The Toronto-based company, whose stock is quoted both on the TSX and NYSE, reported headline net earnings for the three months ended March 31 of $127-million, or $0.11 a share, beating earnings forecasts by $0.01 and rising from $62-million or $0.05 a share over the comparable period of 2015.

Barrick reported a net loss of $83-million, or $0.07 a share, in the first quarter, down from earnings of $57-million, or $0.05 a share a year earlier.

Despite Barrick’s output declining in the quarter by 110 000 oz to 1.28-million ounces, all-in sustaining costs (AISC) fell 24% to $706/oz in the quarter. When excluding in the impact of divested mines, gold production for the quarter actually increased, driven by higher production at Cortez, Goldstrike, and Pueblo Viejo, Barrick reported.

The company expected to hit full-year output ranging between 5-million and 5.5-million ounces of gold at lower AISC of $760/oz to $810/oz. Barrick had lowered its AISC guidance from its original guidance of $775/oz to $825/oz, reflecting the impact of lower fuel costs, favourable foreign exchange rates, and early best-in-class productivity and efficiency initiatives, the company advised.

STRONG CASH FLOW
Barrick had started delivering on its 2016 priorities, by making progress on lowering its free cash flow breakeven gold price to $1 000/oz, reducing total debt by $2-billion, implementing best-in-class practice to improve efficiency and productivity across all operations, and maintaining strict capital discipline.

The company generated $181-million in free cash flow in the first quarter, marking four consecutive quarters of positive free cash flow.

Year to date the company had reduced total debt by $842-million, representing 42% of its full-year target. It had been selling noncore assets and funding repayments from free cash flows.

The company’s formidable liquidity position continued to improve, underpinned by stronger free cash flow generation across the business, and modest near-term debt repayment obligations. At the end of the first quarter, Barrick had a consolidated cash balance of about $2.3-billion. The company had less than $200-million in debt due before 2018, and about $5-billion of its outstanding debt of $9.1-million did not mature until after 2032.

In the medium term, Barrick advised it would aim to reduce the debt level to below $5-billion. The company's total debt fell to $9.1-billion at the end of March from $10-billion at the end of December.

Since the start of 2015, Barrick gad reduced total debt by $3.95-billion, or roughly 30%, the company stated. This was expected to reduce our interest payments by about $180-million on an annualised basis.
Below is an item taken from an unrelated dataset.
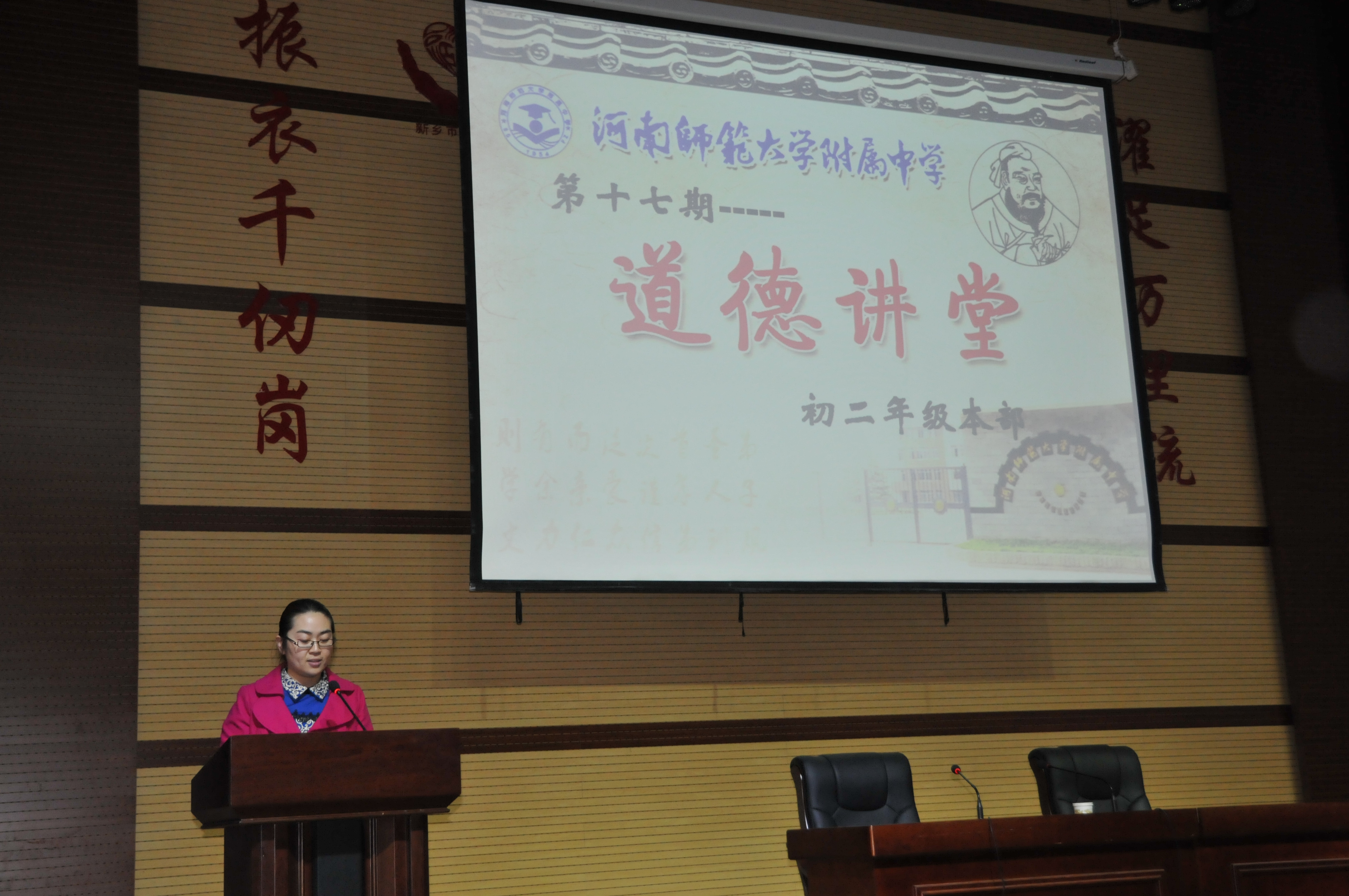 2014年12月8日下午,河南师大附中第17期道德讲堂开讲。本期道德讲堂由本部初二年级承办,主题为“爱的奉献”。学校党政领导及本部初二年级300余名师生共同参与了本次活动。

Meanwhile, the company had formed a new ‘growth group’ of senior managers to act as a central clearing house to ensure strategic alignment and appropriate coordination of all major growth initiatives across the company. The group was tasked to develop and advance strategies that will grow free cash flow per share over the long-term.

Barrick’s stock had more than doubled since the start of the year, to $16.49 apiece on the NYSE on Tuesday.